PyTorch for Jetson

Why don’t these containers include OpenCV yet? Seriously what’s the point of this. Your docker system is so useless I’ve spent a week on headaches of missling libraries that should have been included by default. All these dumb methods to pipe over libraries from my main os… Does anyone who actually do ML work make these?

Hi @industrialacc0, we try to keep the size down on the l4t-pytorch and l4t-tensorflow containers by not installing extra libraries into those. You can use these base containers as a starting point and create your own containers from them (e.g. via Dockerfiles)

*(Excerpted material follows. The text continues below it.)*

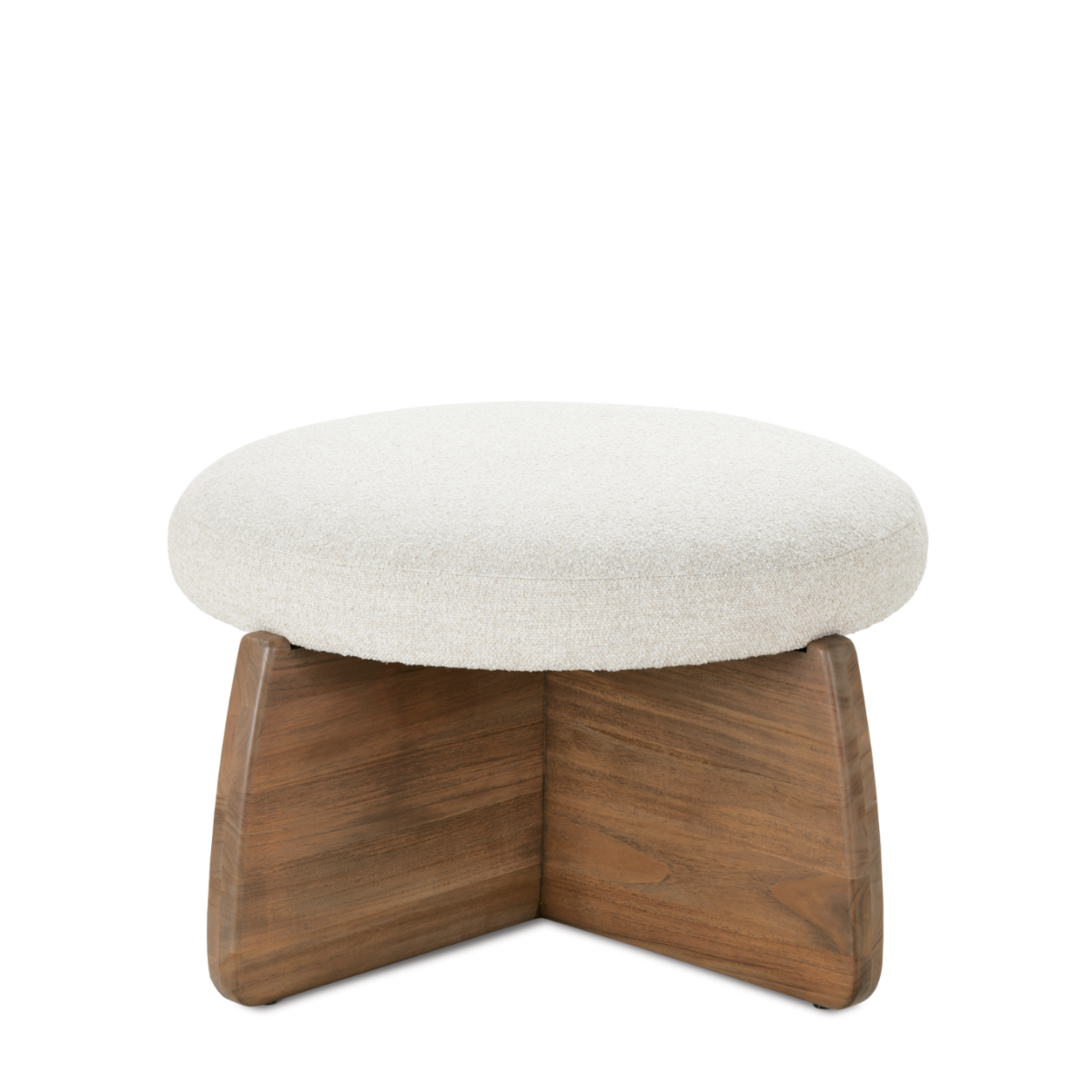 The Nova Cocktail Ottoman masterfully bridges form and function with its clean architectural design, featuring a distinctive X-base crafted from lightly stained solid teak that speaks to modern sensibilities while honoring timeless craftsmanship.
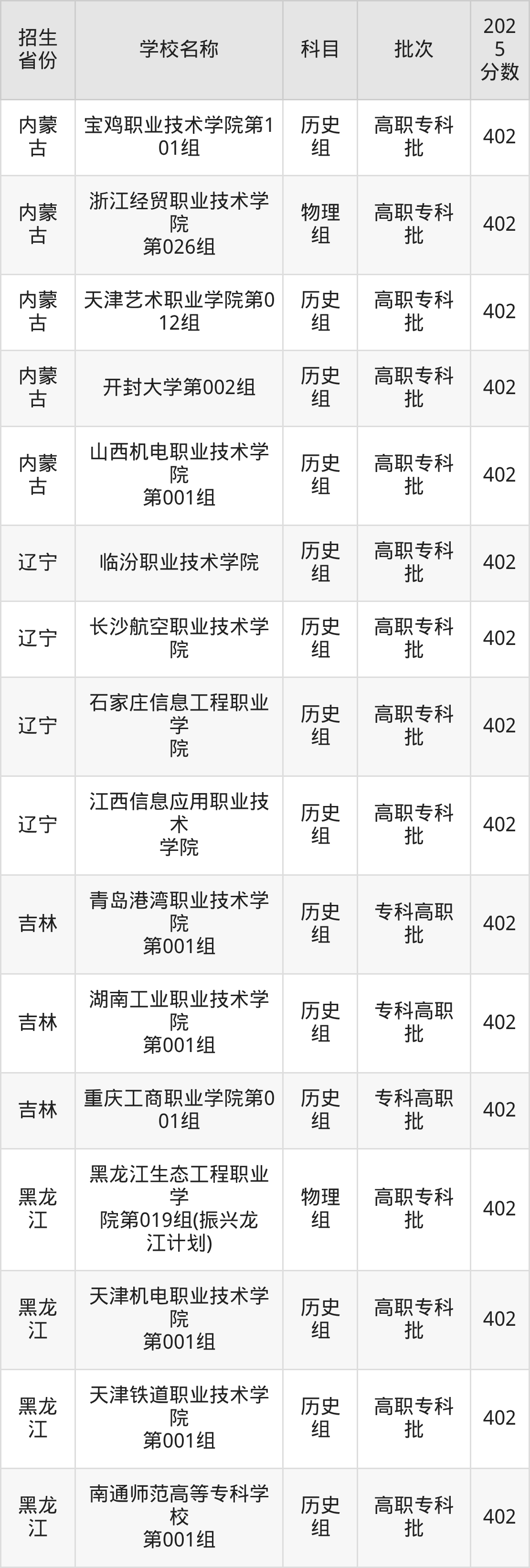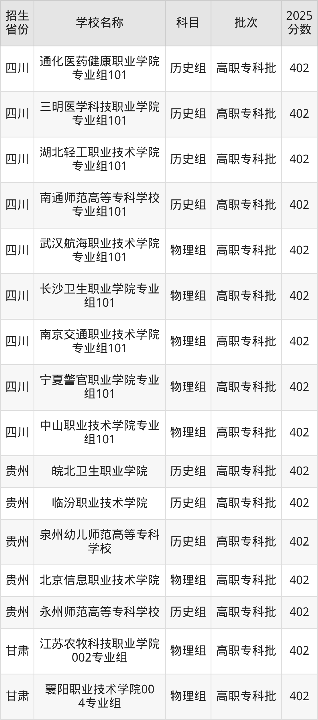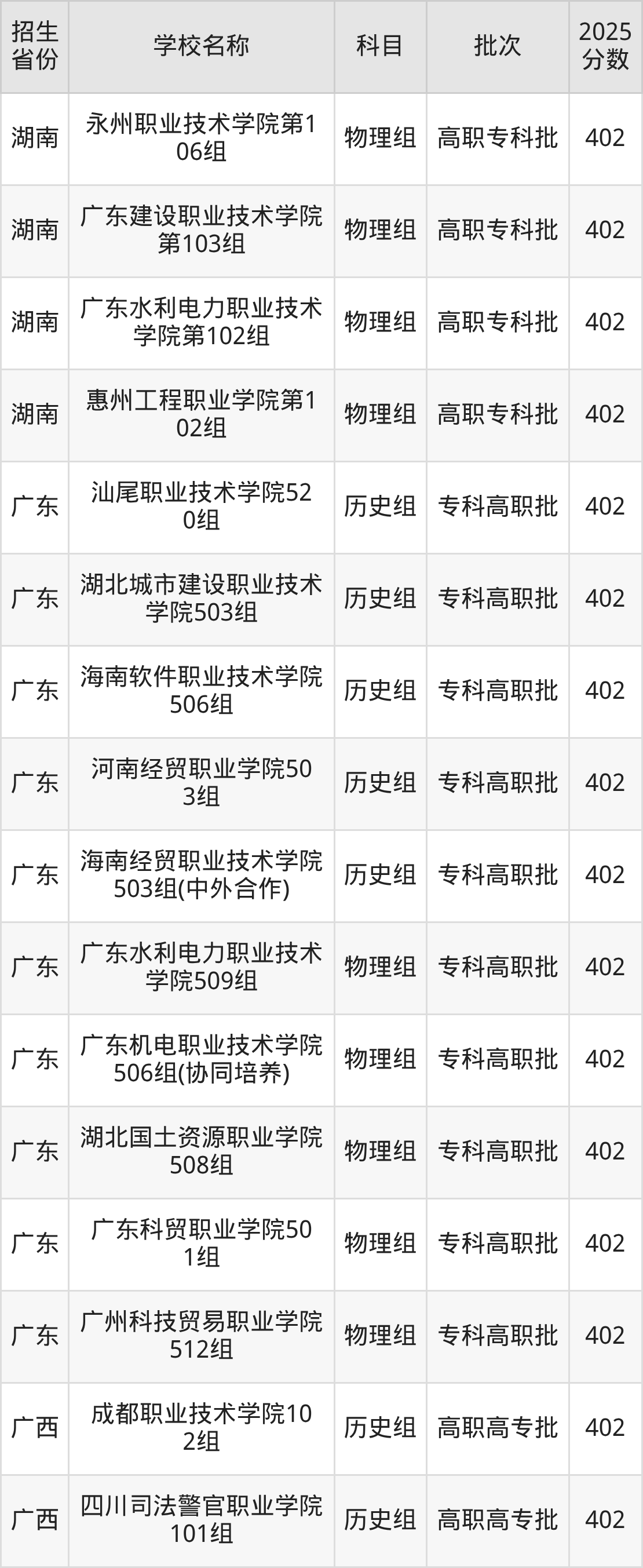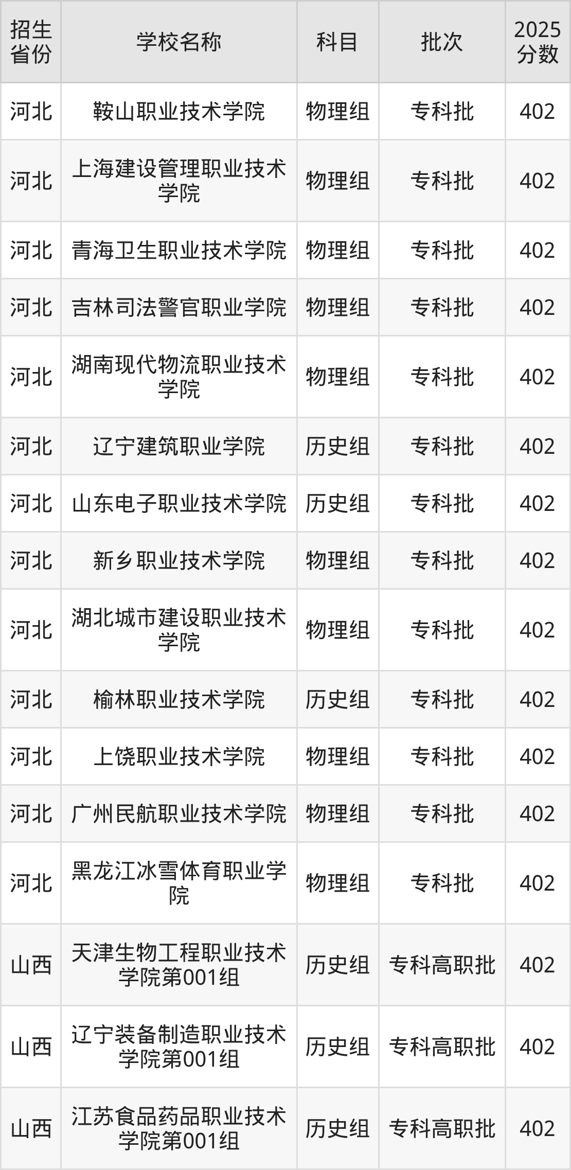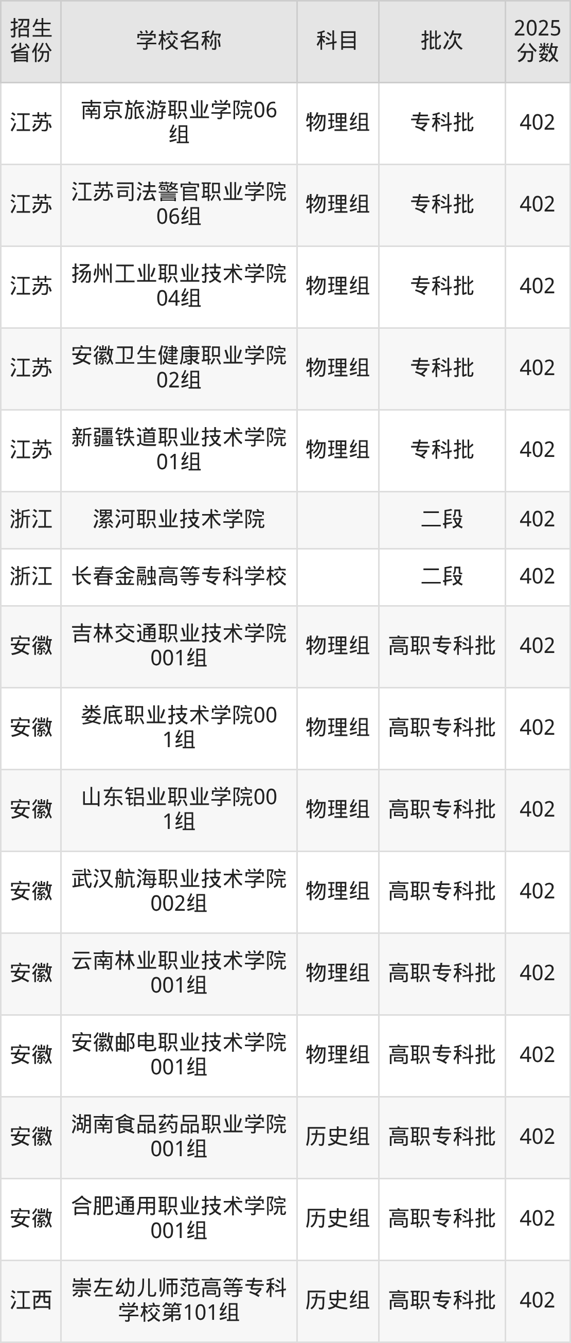 筛选全国各省2025年录取分数线为402分的公办专科大学如下:

You can see the Dockerfile commands for installing the version of OpenCV that comes with JetPack here, so you needn’t mount it from the host if you don’t want to:

https://github.com/NVIDIA-AI-IOT/jetbot/blob/cbf6f1b5a3285ad3bbb18ec552ed79846d1e2529/docker/base/Dockerfile#L47

You can also change/rebuild these base containers yourself, as the base Dockerfiles and build scripts for the containers are open-sourced here:

https://github.com/dusty-nv/jetson-containers

And yes, I do a lot of ML work in PyTorch but have not needed OpenCV as a frequent dependency, and it is a large library. I’ll consider adding it to the larger l4t-ml container, but perhaps folks may desire their own customized/newer version of OpenCV, which having a pre-existing version could complicate the install of.

Hi @zlbzailushang, these PyTorch wheels were built for Python 3.6, so they wouldn’t work on Python 3.8. However some other users on this topic and in the forums have been able to rebuild PyTorch for Python 3.8. Please see this post for more info:

thanks a lot.

need VPN to use wget to download

Thanks I was very frustrated when I wrote this I didn’t expect a useful solution so I just built OpenCV from scratch before. Your solution will probably work a lot better. In another topic your colleague recommended to change csv files and stuff

On a sidenote, I would expect most people to use the Jetsons for Machine vision inference devices (at least I do). Having pure ML containers without the libraries most commonly used in combination with them such as seems like a bit of a waste but that’s up to you guys I guess.

In any case thank you!

@industrialacc0 thanks for your feedback and following up. In the next version of the l4t-ml container, I have added OpenCV 4.4.1 to it (the one that comes with JetPack). l4t-ml is the big container with PyTorch/TensorFlow/JupyterLab/scipy/sklearn/ect, so that can provide users a good starting point.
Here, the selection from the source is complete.